My name is Friedemann Klaß, I am a PhD student in the Applied and Computational Mathematics (ACM) working group at the University of Wuppertal.
I am working in the field of Computational Fluid Dynamics, where I am developing boundary conditions (BC) for the multi-speed Lattice Boltzmann Method (LBM). The LBM can be viewed as a systematic approximation of the Boltzmann equation. In contrast to the famous Navier-Stokes equations, where a fluid is described in terms of macroscopic fields such as density and velocity, the LBM evolves a probability distribution function for the fluid particles. Algorithmically, so-called populations are streamed on a discrete grid along a finite number of directions and collide at the nodes [1].
Operating at this mesoscopic scale facilitates the formulation of complex physical interactions, such as complex geometries, multi-phase or multi-component flows. In addition, the algorithm is inherently highly parallelizable.
It has been found that the use of a higher order quadrature rule in the discretization of the Boltzmann equation extends the applicability of the methods [2]. However, this leads to multi-speed velocity stencils, i.e. populations will move to nodes beyond their nearest neighbours.
At a boundary node, not all post-streaming populations are known due to the lack of neighbours. Therefore, a BC must assign values to the unknown populations in such a way as to produce the desired behaviour (e.g. prescribed velocity at the boundary) at the macroscopic scale. Multi-speed velocity stencils have multiple layers of boundary nodes, making this task even more complex.
There is little literature that investigates BCs for the multi-speed case. To fill this gap, I developed a non-reflecting BC for the multi-speed LBM [3], which is designed to mimic an open boundary and not interact with the bulk dynamics of the flow. Such BCs are often placed at artificial boundaries, that result from truncating a problem’s physical domain to a smaller computational domain. I have also formulated a Dirichlet BC for the simulation of thermal flow using multi-speed velocity stencils [4].
References
[1] Krueger, T., Kusumaatmaja, H., Kuzmin, A., Shardt, O., Silva, G., & Viggen, E. M. (2016). The Lattice Boltzmann Method: Principles and Practice. (Graduate Texts in Physics). Springer.

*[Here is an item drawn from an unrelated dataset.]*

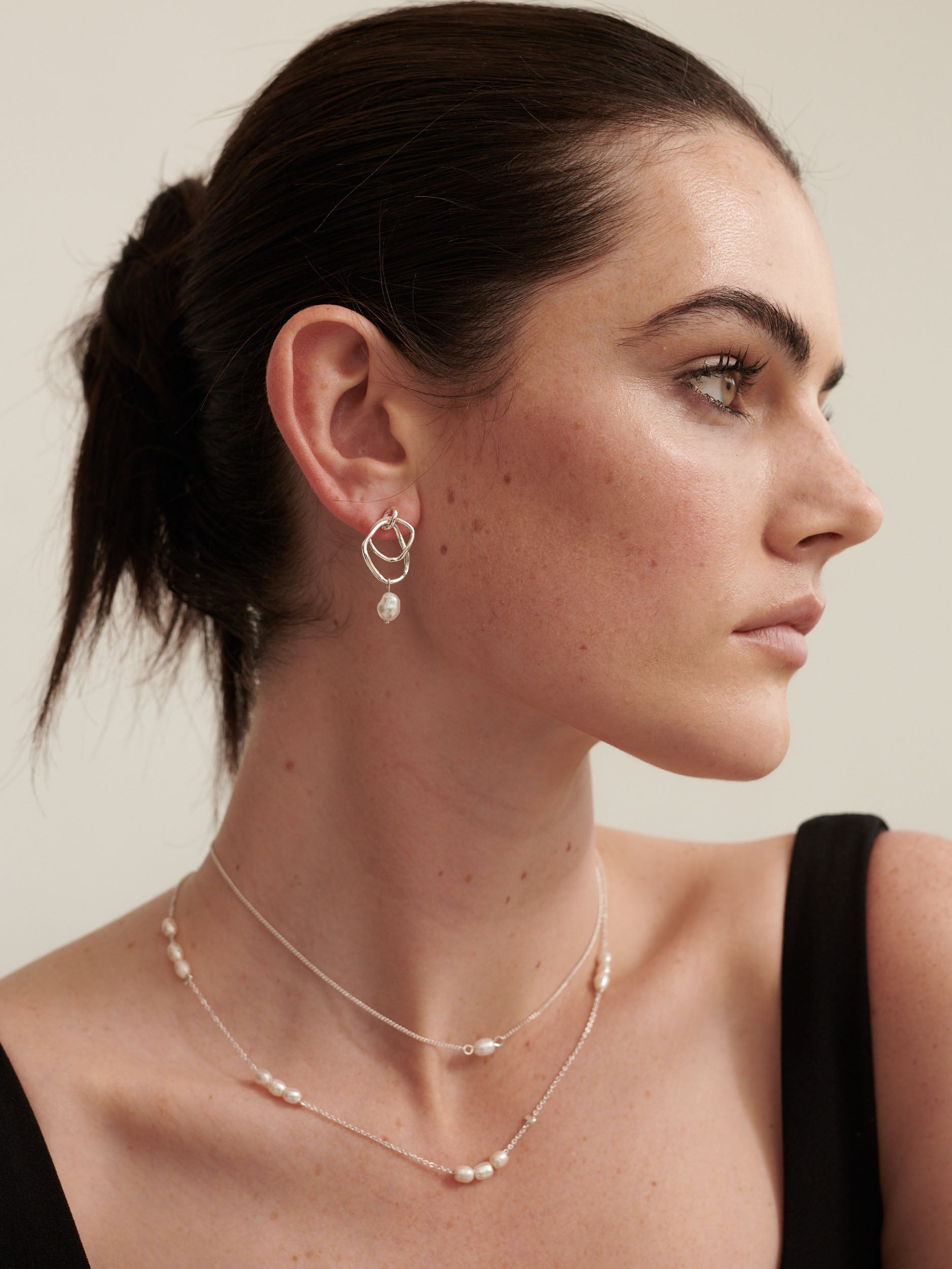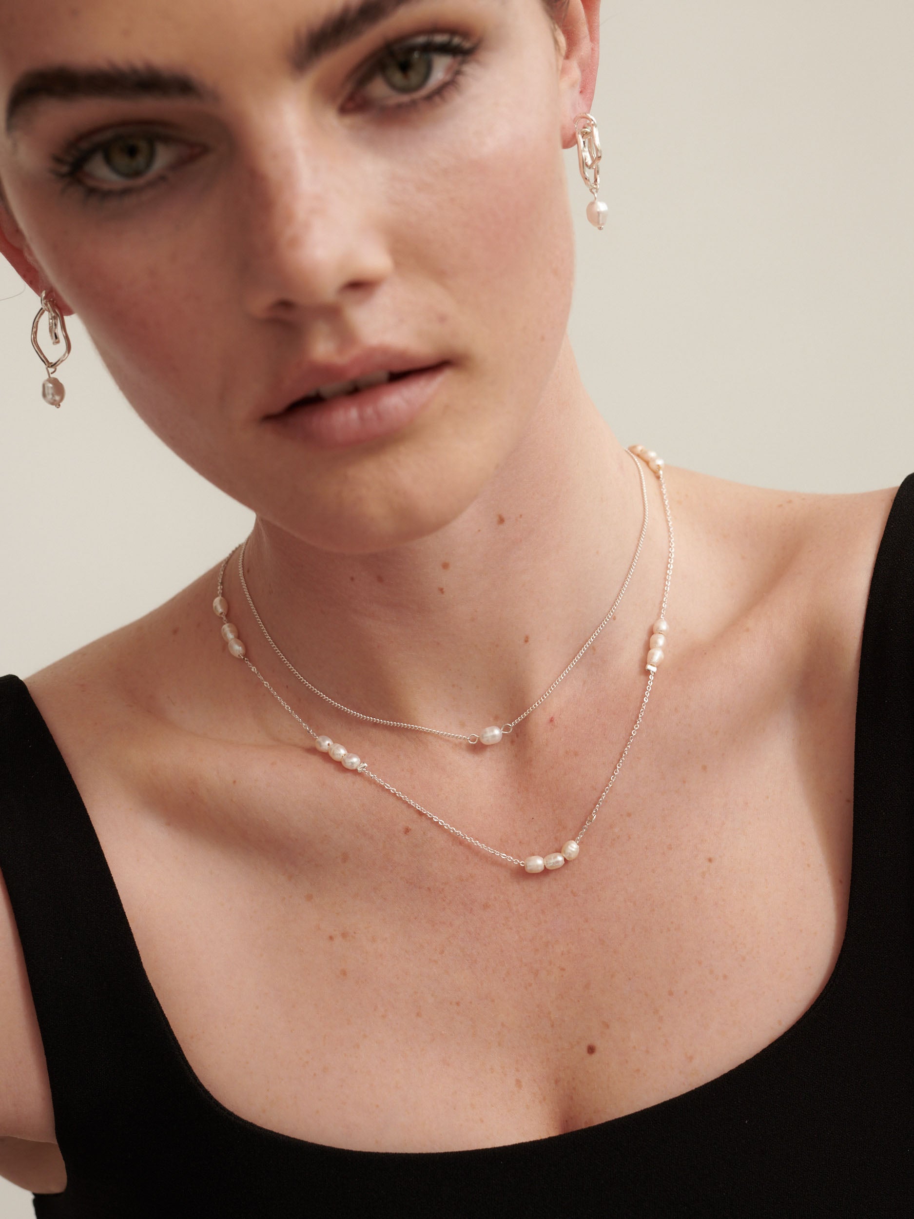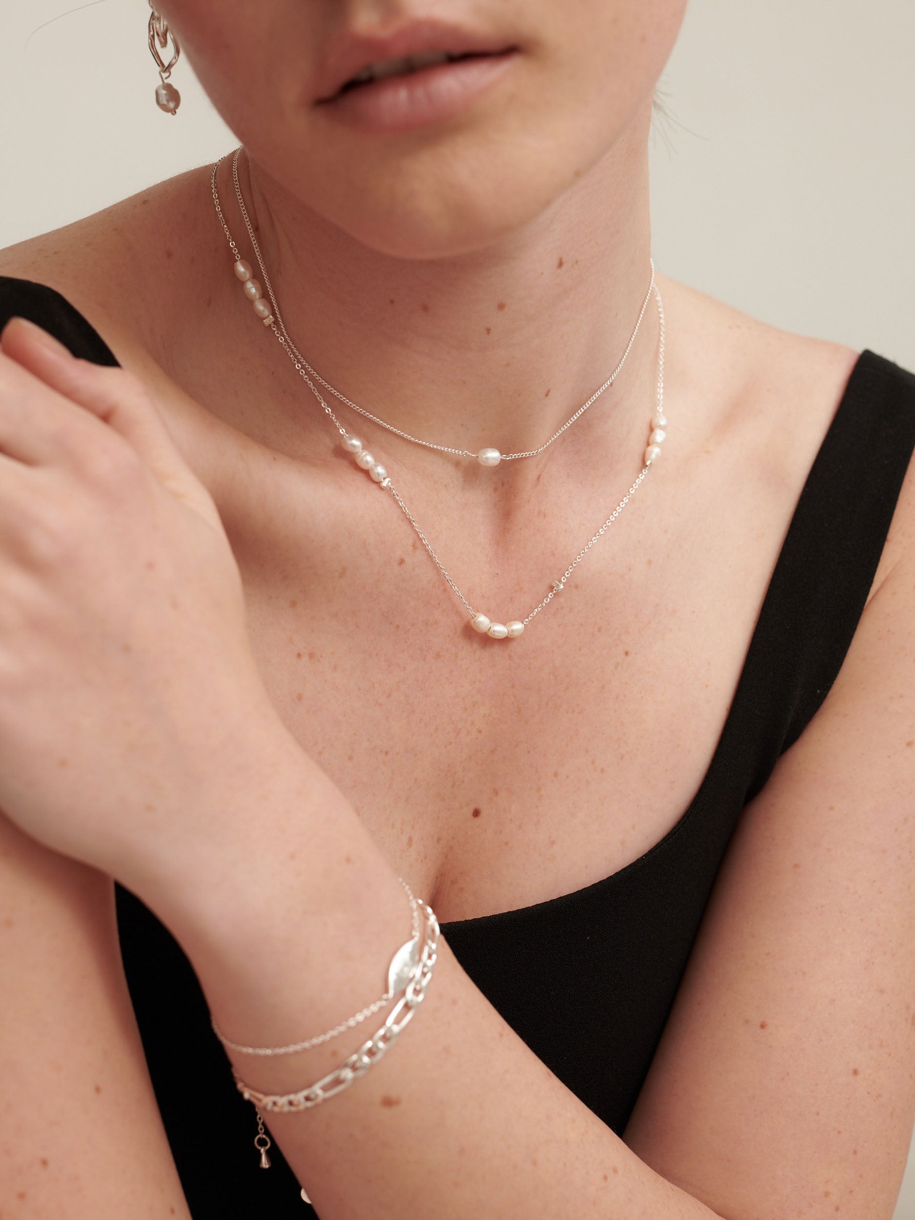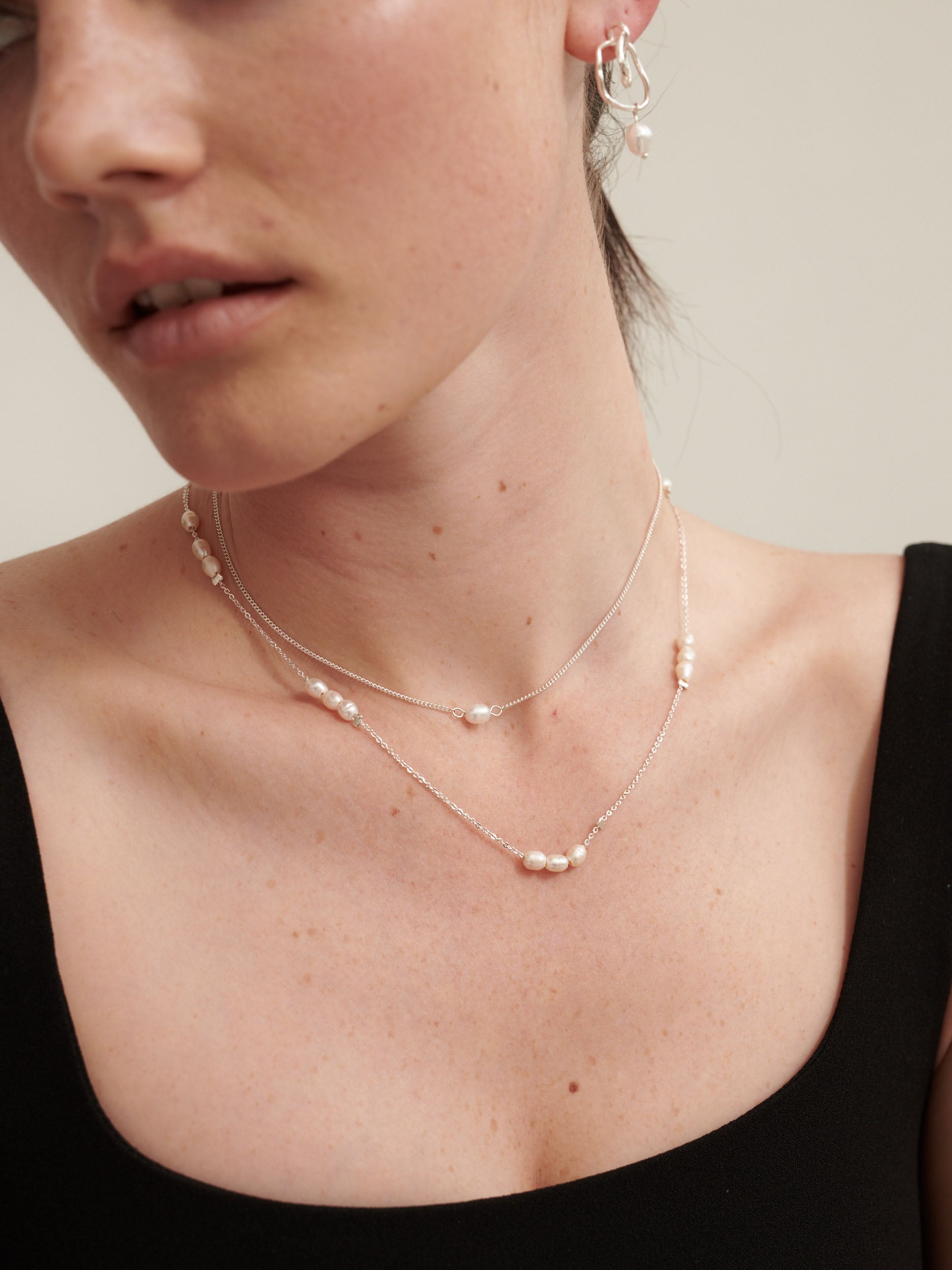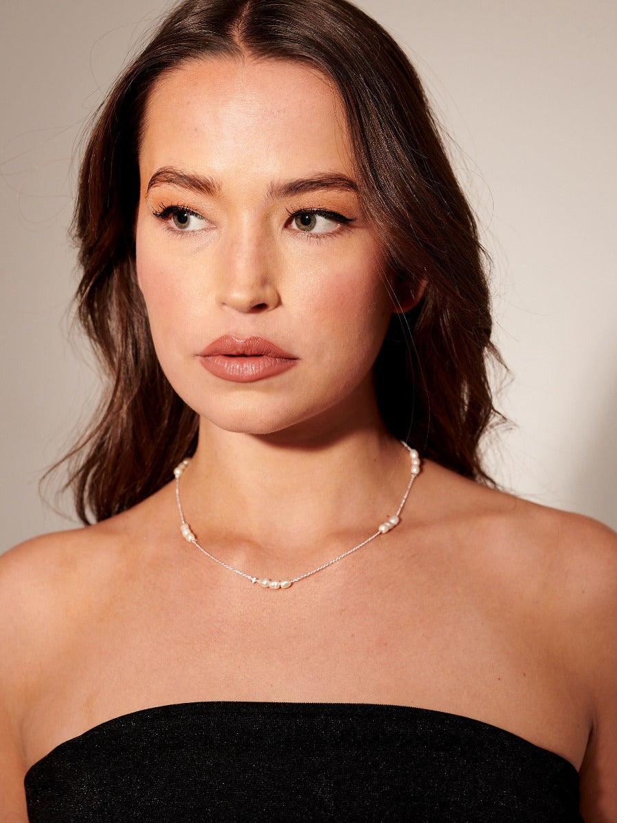 Trio Pearl Silver Plated Necklace

[2] Siebert, D. N., Hegele, L. A., & Philippi, P. C. (2008). Lattice Boltzmann equation linear stability analysis: Thermal and athermal models. Physical Review E (Vol. 77, Issue 2). American Physical Society (APS).
[3] Klass, F., Gabbana, A. & Bartel, A. (2023). A Characteristic Boundary Condition for Multispeed Lattice Boltzmann Methods. Communications in Computational Physics (Vol. 33, Issue 1, pp. 101–117). Global Science Press.
[4] Klass, F., Gabbana, A., & Bartel, A. (2021). A non-equilibrium bounce-back boundary condition for thermal multispeed LBM. Journal of Computational Science (Vol. 53, p. 101364). Elsevier BV.